#### Extracted information ####

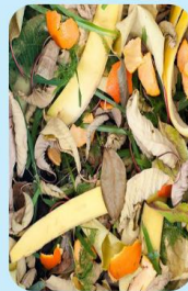
Lá cây, vỏ hoa quả
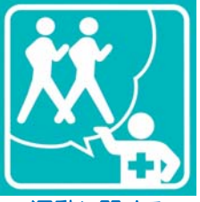
運動に関する健康相談できます

「ピクトグラム」とは、何らかの情報や注意を示すために表示される視覚記号(サイン)の一つ。誰もがパッと見て理解しやすいように単純化したイラストで表されます。上田薬剤師会では、各薬局の取り組み内容を地域の皆さんにわかりやすく発信して薬局を「選んでいただく」一助にするため、その薬局のできること(機能)を全15種類のピクトグラムで表し、ステッカーにして店頭に掲げています。それぞれの内容を説明します。
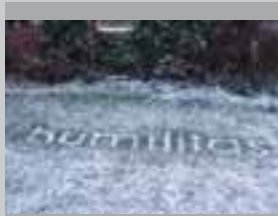
humilitas 2004, Installation, Humus, 390 cm, Galerie wit, Wageningen (NL)
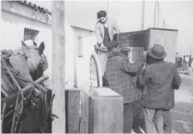
Octubre 1966. Gitanos carregant mobles per portar-los al camions que anirien a Sant Roc (Badalona).
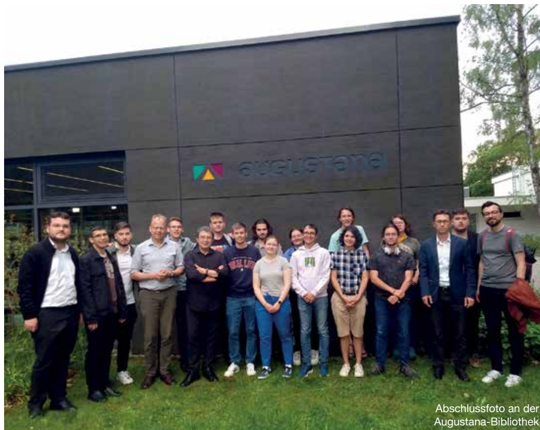
Abschlussfoto an der Augustana-Bibliothek
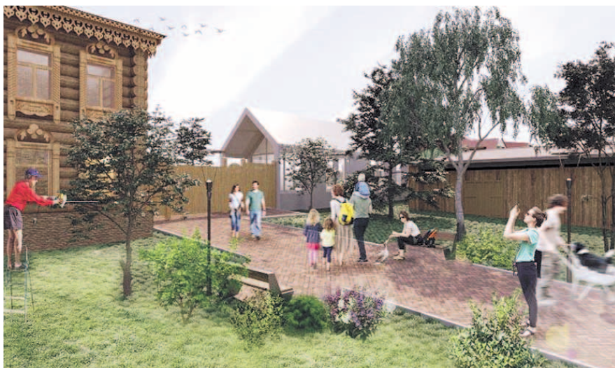
НА ФОТО: В НОВОСИБИРСКЕ ПОЯВИТСЯ УЛИЦА-МУЗЕЙ

— Усадебная архитектура дореволюционного периода становления города рассматривается в проекте как важный ресурс его современного устойчивого развития. Историко-ар-
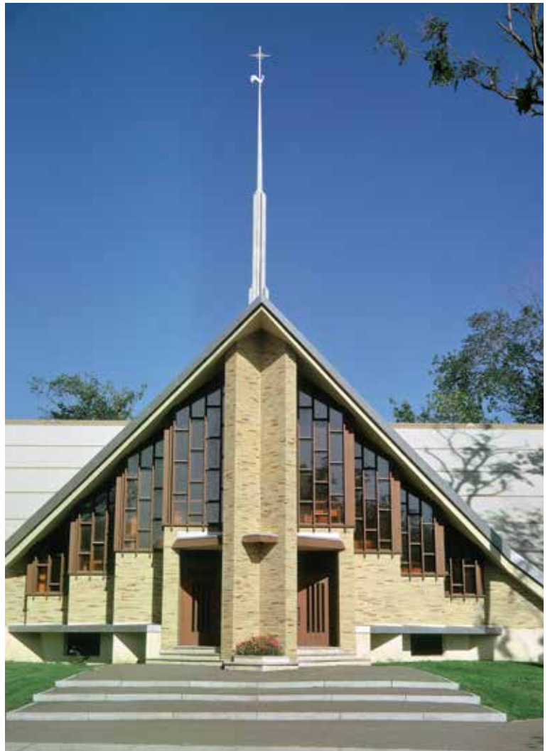
L'église Notre-Dame-du-Bel-Amour dans l'éclat de sa jeunesse, telle que dessinée par Roger D'Astous
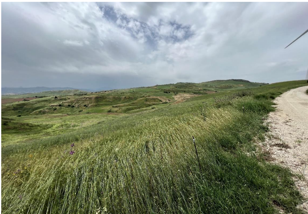
Figure 21- IMG_4921.JPG
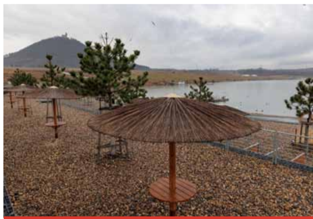
V plánu byly letos kaskády, lehátka u slunečníků a nové toalety. Správce jezera Most, státní podnik Diamo, zde však další rozvoj zatím zastavil.

Jedním z projektů, které se měly začít realizovat, byl i centrální park. „Zjistilo se, že je tu neúrodná půda. Vzali jsme sem odborníky, kteří potvrdili, že půda je neúrodná a cokoliv by se zde zasadilo, by nerostlo nebo uhynulo. Pokud by zde měl v budoucnu být park, bude zde potřeba provést náročné zemní práce a rekultivace. I proto se o kus dál
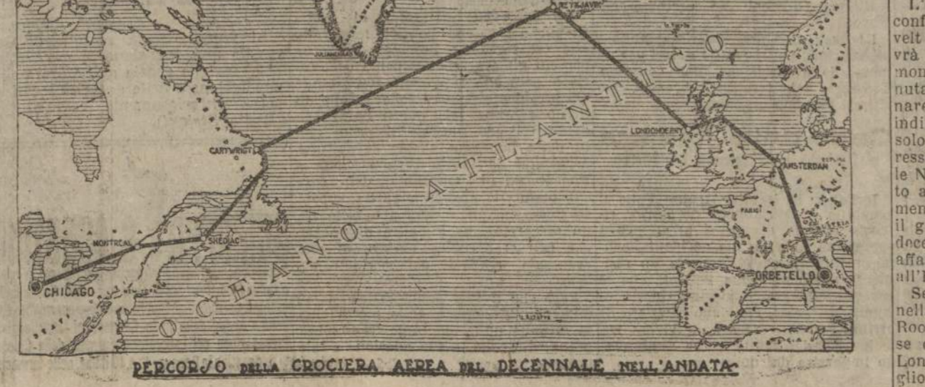
PERCORSO DELLA CROCIERA AEREA DEL DECENNALE NELL'ANDATA
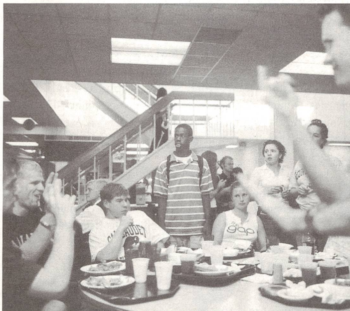
Gesellschaftsleben – reger Gedankenaustausch in der Cafeteria
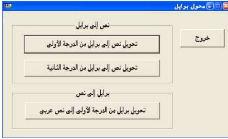
شكل رقم (٢٣)

٢- تحويل برايل إلي نص وهنا يتيح البرنامج خيار واحد فقط وهو تحويل برايل من الدرجة الأولى إلي نص عربي؛ كما هو واضح في الشكل رقم (٢٣).
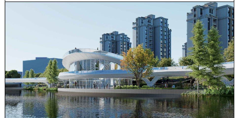
方案效果图（仅为示意）
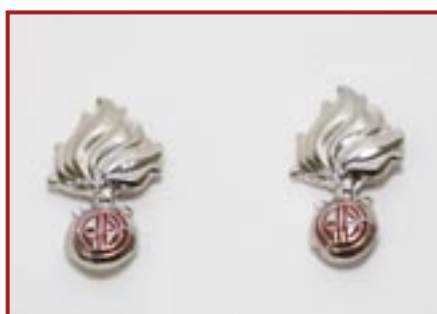
COPPIA DI GRANATINE IN METALLO BIANCO PER BAVERO € 8,00
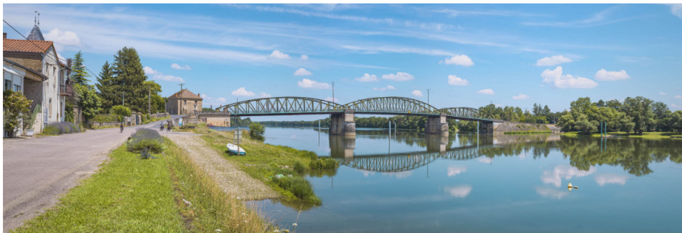
Le pont de Fleurville, vu d'aval, depuis la rive droite. Le port à gradins et la rampe se trouvent au premier plan.
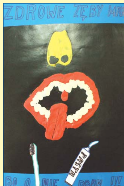
Emilia Sikora, kl. 3A, SP nr 273
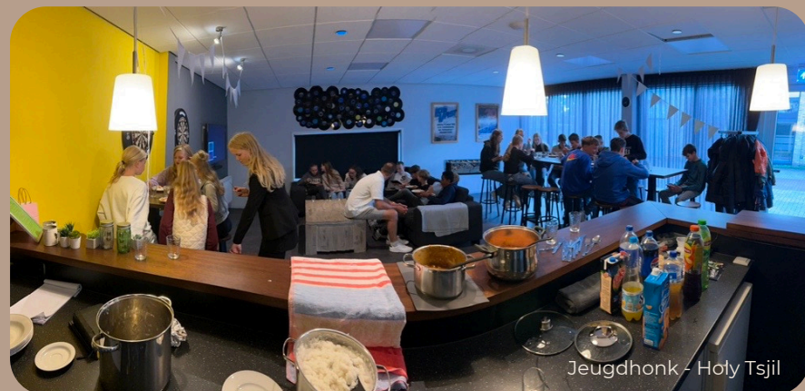
Jeugdhonk - Holy Tsjil
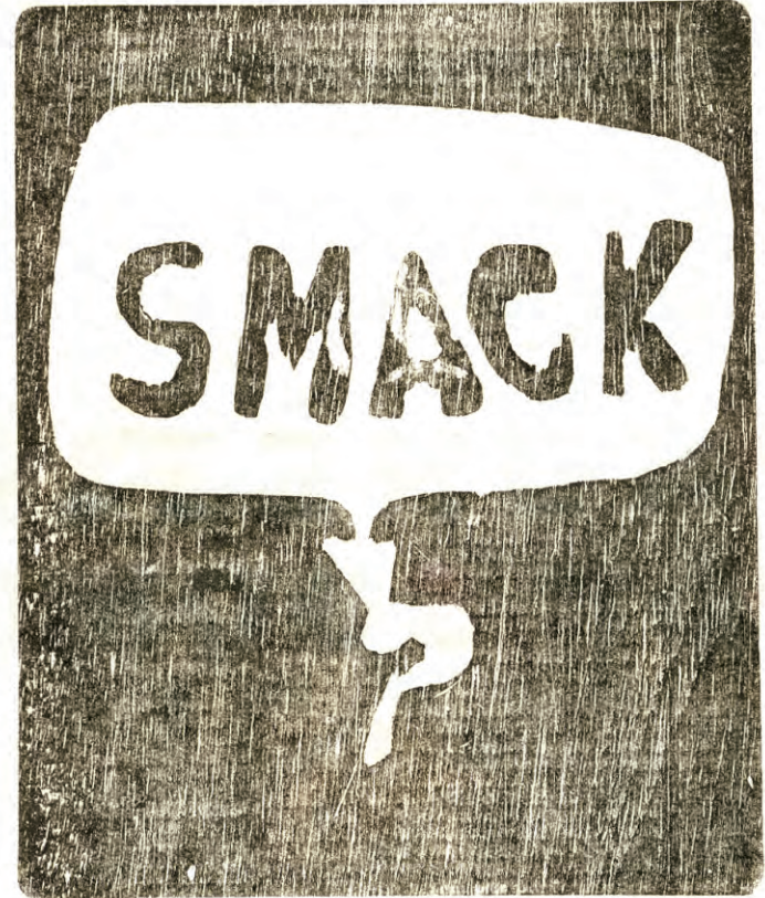
REALISMO NARRATIVO (1966)

BOING BOING BOING BOING BOING BOING BOING BOING BOING BOING BOING BOING BOING BOING BOING BOING BOING BOING BOING BOING BOING BOING BOING BOING BOING BOING BOING BOING BOING BOING BOING BOING BOING BOING BOING BOING BOING BOING BOING BOING BOING BOING BOING BOING BOING BOING BOING BOING BOING BOING BOING BOING BOING BOING BOING BOING BOING BOING BOING BOING BOING BOING BOING BOING BOING BOING
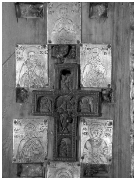
4. Фрагмент вертикального древка: Афонский крест с изображением «Крещения» и 5 пластин
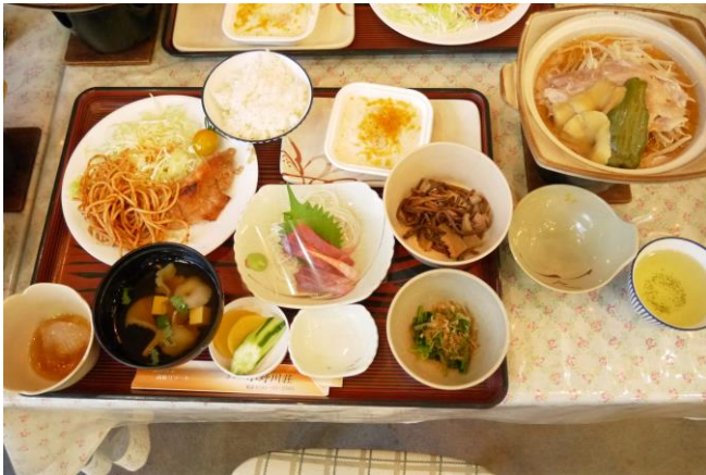
2日目の夕食。 どの食事でも豪勢でしたね。
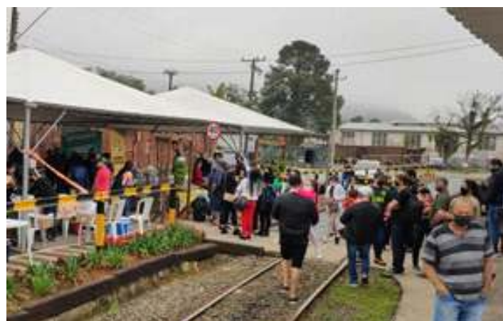
◆ Evento organizado por nossos parceiros em Corupá
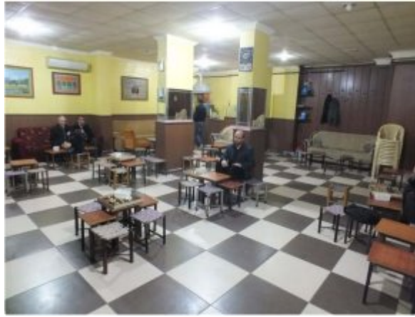
(Fot: 10: Bülent Ayberk, 2014)

467. sokakta yer alan Yaşar Çay Evi'nde diğer dama oynanan mekânlardan farklı olarak doğrusal bir düzen değil; sehpanın etrafına konumlanan kürsülerle oluşturulan noktasal bir yerleşim görülmektedir. Bu oyun birimi, sehpa ve kürsülerden oluşmaktadır. Aşağıdaki görsellerde görüldüğü üzere sehpa, üzerine konulan dama tablası ile bir oyun masasına dönüşmektedir (Fot.10). Geniş oyun mekânının duvarları boyunca yerleştirilen kanepelerle sehpa ve kürsü bir araya getirilerek yeni bir modül oluşturulmuştur. Bu birim, yukarıda Bursa'da bulunan kahvehanelerin mekânı anlatılırken değinildiği üzere; halk arasında "ranza" olarak adlandırılan oturma mobilyasının ve oturma biçimi kültürünün (Fot. 8) günümüzde üretilen mobilyalarla karşılanarak oluşturulmuş bir yorumudur.

####

§ Exercise: Leave the images out and transcribe the remaining data above word for word.

§ Output of the task:
Lá cây, vỏ hoa quả
運動に関する健康相談できます

「ピクトグラム」とは、何らかの情報や注意を示すために表示される視覚記号(サイン)の一つ。誰もがパッと見て理解しやすいように単純化したイラストで表されます。上田薬剤師会では、各薬局の取り組み内容を地域の皆さんにわかりやすく発信して薬局を「選んでいただく」一助にするため、その薬局のできること(機能)を全15種類のピクトグラムで表し、ステッカーにして店頭に掲げています。それぞれの内容を説明します。
humilitas 2004, Installation, Humus, 390 cm, Galerie wit, Wageningen (NL)
Octubre 1966. Gitanos carregant mobles per portar-los al camions que anirien a Sant Roc (Badalona).
Abschlussfoto an der Augustana-Bibliothek
НА ФОТО: В НОВОСИБИРСКЕ ПОЯВИТСЯ УЛИЦА-МУЗЕЙ

— Усадебная архитектура дореволюционного периода становления города рассматривается в проекте как важный ресурс его современного устойчивого развития. Историко-ар-
L'église Notre-Dame-du-Bel-Amour dans l'éclat de sa jeunesse, telle que dessinée par Roger D'Astous
Figure 21- IMG_4921.JPG
V plánu byly letos kaskády, lehátka u slunečníků a nové toalety. Správce jezera Most, státní podnik Diamo, zde však další rozvoj zatím zastavil.

Jedním z projektů, které se měly začít realizovat, byl i centrální park. „Zjistilo se, že je tu neúrodná půda. Vzali jsme sem odborníky, kteří potvrdili, že půda je neúrodná a cokoliv by se zde zasadilo, by nerostlo nebo uhynulo. Pokud by zde měl v budoucnu být park, bude zde potřeba provést náročné zemní práce a rekultivace. I proto se o kus dál
PERCORSO DELLA CROCIERA AEREA DEL DECENNALE NELL'ANDATA
Gesellschaftsleben – reger Gedankenaustausch in der Cafeteria
شكل رقم (٢٣)

٢- تحويل برايل إلي نص وهنا يتيح البرنامج خيار واحد فقط وهو تحويل برايل من الدرجة الأولى إلي نص عربي؛ كما هو واضح في الشكل رقم (٢٣).
方案效果图（仅为示意）
COPPIA DI GRANATINE IN METALLO BIANCO PER BAVERO € 8,00
Le pont de Fleurville, vu d'aval, depuis la rive droite. Le port à gradins et la rampe se trouvent au premier plan.
Emilia Sikora, kl. 3A, SP nr 273
Jeugdhonk - Holy Tsjil
REALISMO NARRATIVO (1966)

BOING BOING BOING BOING BOING BOING BOING BOING BOING BOING BOING BOING BOING BOING BOING BOING BOING BOING BOING BOING BOING BOING BOING BOING BOING BOING BOING BOING BOING BOING BOING BOING BOING BOING BOING BOING BOING BOING BOING BOING BOING BOING BOING BOING BOING BOING BOING BOING BOING BOING BOING BOING BOING BOING BOING BOING BOING BOING BOING BOING BOING BOING BOING BOING BOING BOING
4. Фрагмент вертикального древка: Афонский крест с изображением «Крещения» и 5 пластин
2日目の夕食。 どの食事でも豪勢でしたね。
◆ Evento organizado por nossos parceiros em Corupá
(Fot: 10: Bülent Ayberk, 2014)

467. sokakta yer alan Yaşar Çay Evi'nde diğer dama oynanan mekânlardan farklı olarak doğrusal bir düzen değil; sehpanın etrafına konumlanan kürsülerle oluşturulan noktasal bir yerleşim görülmektedir. Bu oyun birimi, sehpa ve kürsülerden oluşmaktadır. Aşağıdaki görsellerde görüldüğü üzere sehpa, üzerine konulan dama tablası ile bir oyun masasına dönüşmektedir (Fot.10). Geniş oyun mekânının duvarları boyunca yerleştirilen kanepelerle sehpa ve kürsü bir araya getirilerek yeni bir modül oluşturulmuştur. Bu birim, yukarıda Bursa'da bulunan kahvehanelerin mekânı anlatılırken değinildiği üzere; halk arasında "ranza" olarak adlandırılan oturma mobilyasının ve oturma biçimi kültürünün (Fot. 8) günümüzde üretilen mobilyalarla karşılanarak oluşturulmuş bir yorumudur.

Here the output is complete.